You are working as a consultant on a video game designing a bomb site for a World War I airplane. In this game, the plane you are flying is traveling horizontally at \(40.0 \mathrm{m} / \mathrm{s}\) at an altitude of $125 \mathrm{m}$ when it drops a bomb. (a) Determine how far horizontally from the target you should release the bomb. (b) What direction is the bomb moving just before it hits the target?

Short Answer

Expert verified
Answer: The horizontal distance to the target is approximately 202 meters, and the bomb is moving at an angle of approximately 51.2 degrees below the horizontal just before it hits the ground.

Step by step solution

01

(Step 1: List Known Values)

Known values are: - Horizontal velocity of the plane, \(v_x = 40 m/s\) - Altitude of the plane, \(h = 125 m\) - Acceleration due to gravity, \(g = 9.81 m/s^2\)
02

(Step 2: Calculate the Time of Flight)

First, we need to find out how long it takes for the bomb to reach the ground, which is also called time of flight. From the equation \(y = v_{0y}t - \frac{1}{2}gt^2\), we have: $$ h = 0 \cdot t - \frac{1}{2} \cdot g \cdot t^2 $$ Solving for \(t\): $$ t = \sqrt{\frac{2h}{g}} \text{, as } v_{0y} = 0 $$ Plugging in the known values: $$ t = \sqrt{\frac{2 \cdot 125}{9.81}} \approx 5.05 s $$ So, the time of flight for the bomb is \(t \approx 5.05 s\).
03

(Step 3: Calculate the Horizontal Distance)

Now, we can find the horizontal distance \(x\) by using the following equation: $$ x = v_x \cdot t $$ Plugging the known values: $$ x = 40 \cdot 5.05 \approx 202 m $$ Thus, the horizontal distance to the target is approximately \(202 m\).
04

(Step 4: Calculate the Final Vertical Velocity)

To find the final vertical velocity \(v_{y}\) just before the bomb hits the ground, we will use the equation: $$ v_{y} = v_{0y} - g \cdot t $$ Plugging the values: $$ v_{y} = 0 - 9.81 \cdot 5.05 \approx -49.6\ m/s $$
05

(Step 5: Calculate the Direction of the Bomb)

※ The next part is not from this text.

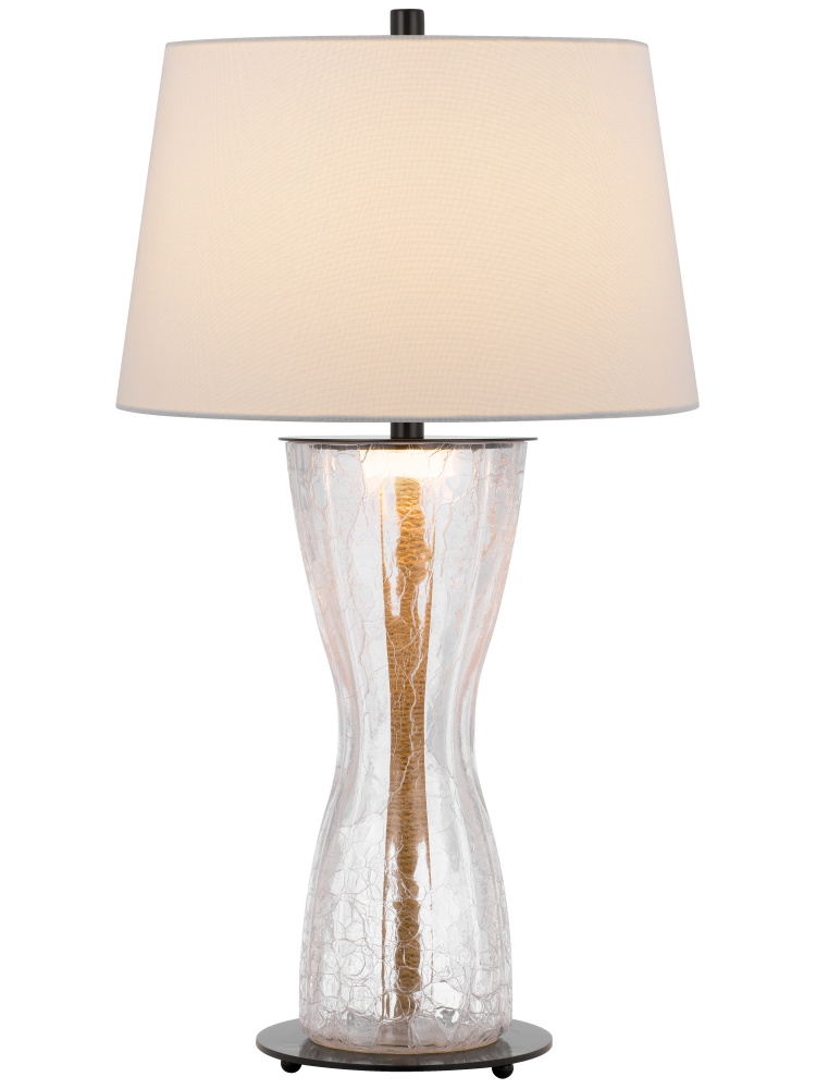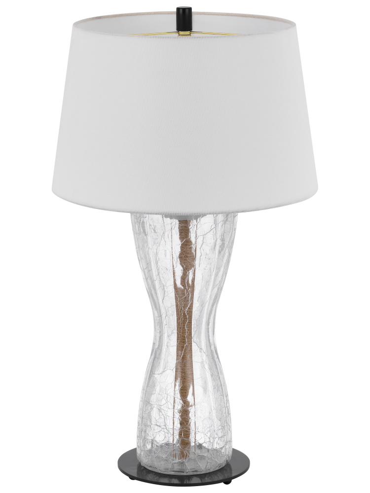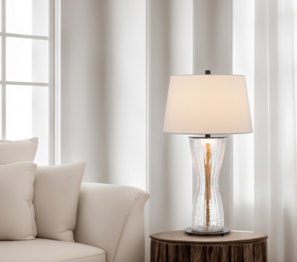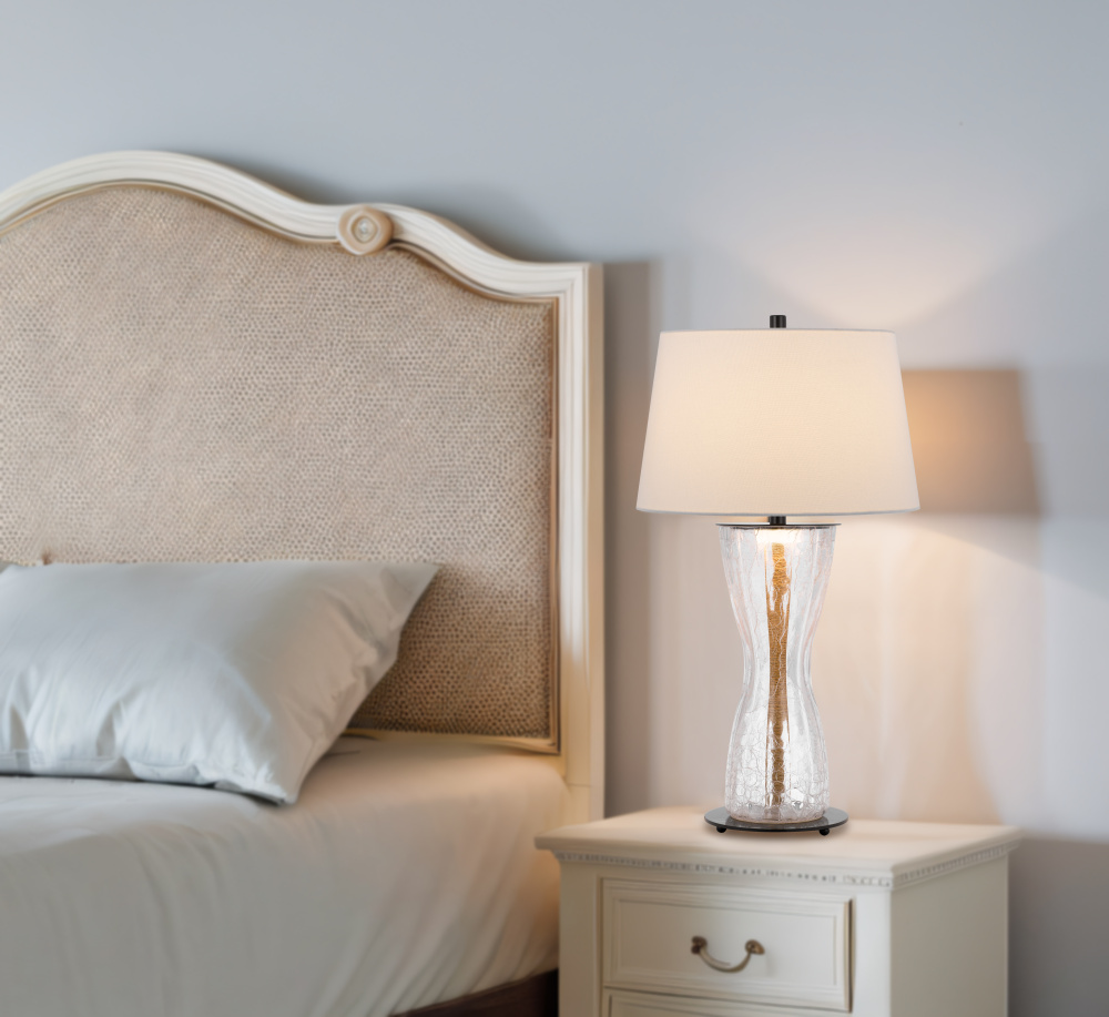 100W Andria crackle glass table lamp with 2W LED night light and hardback fabric shade

Now that we have both horizontal and vertical components of the velocity, we can calculate the angle \(\theta\) using the following formula: $$ \theta = \arctan{\frac{-v_{y}}{v_x}} $$ Plugging the values: $$ \theta = \arctan{\frac{49.6}{40}} \approx 51.2^\circ $$ The answer to (a) is that the bomb should be released approximately \(202 m\) horizontally from the target. For (b), the bomb is moving at an angle of approximately \(51.2^\circ\) below the horizontal just before it hits the target.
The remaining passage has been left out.